Jack Straw looked acutely uncomfortable. He was standing in the doorway of his tall Victorian house in Islington’s Battledean Road, scruffy on the outside, plush inside. He was casually dressed in sandals and cords, saying he had hoped for a quiet evening. It was May 1976, and his visitors were Roger Courtiour and myself, both BBC journalists. He ushered us to his upstairs front room. We sat. He stood.
Mr Straw began by lying. ‘I know nothing of a missing file,’ he said.
Surely he knew of the missing DHSS file belonging to Norman Scott, the gay lover of Liberal leader Jeremy Thorpe? Mr Straw changed tack. ‘I cannot say anything because of the Official Secrets Act.’
Hang on, we said. We knew that Barbara Castle had spoken to him about this file a few days ago. At this point Mr Straw changed tune altogether. ‘Yes I know of a missing file,’ he said, and repeated that he was bound by the Official Secrets Act. Then why did he lie when we first arrived? Straw replied: ‘I am not compromised personally in this matter.’ Looking distraught, he promised to take advice and to contact us within two or three days. He never did.

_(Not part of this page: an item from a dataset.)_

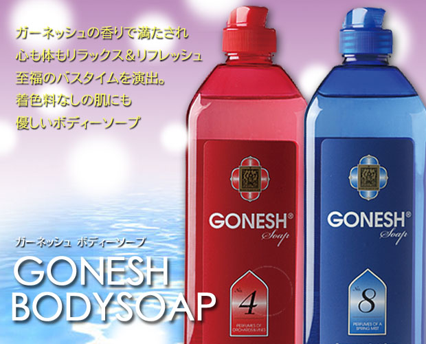 香りを身にまとった様な残香感を楽しめる、賦香率にこだわったボディソープです。 浴室で使用中はもちろん、お風呂上りの体から残香感を楽しめるほど高い続香率!ボディータオルにもGONESHの香りが残り、翌日のバスタイムにもGONESHの香りで満たされる浴室で、さらに安らぎのひと時を演出してくらます。弱酸性で着色料を使用していないので、肌に優しいボディーソープです。パッケージもお洒落で、バスルームをお洒落に演出してくれます。【香りタイプ】
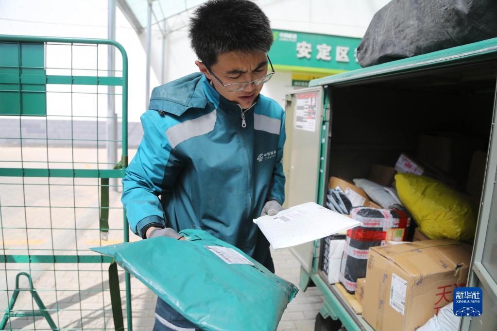 4月29日,在甘肃省定西市,一名邮递员在装运快件。

So concluded our first, unsatisfactory attempt to get the truth out of a man who would go on to become the present Foreign Secretary. He was then a special adviser to Barbara Castle, social services secretary, and there is overwhelming evidence that he had used his position to investigate the records of a private citizen for what can only have been party political advantage. He had been looking into the affairs of Norman Scott because in January that year, in a Barnstaple courtroom, the male model announced the curious fact that his National Insurance stamp had been paid by his employer, Jeremy Thorpe.
Thorpe had been his gay lover, said Scott, and had tried to have him murdered (though the hitman, you will recall, succeeded only in killing the Great Dane, Rinka).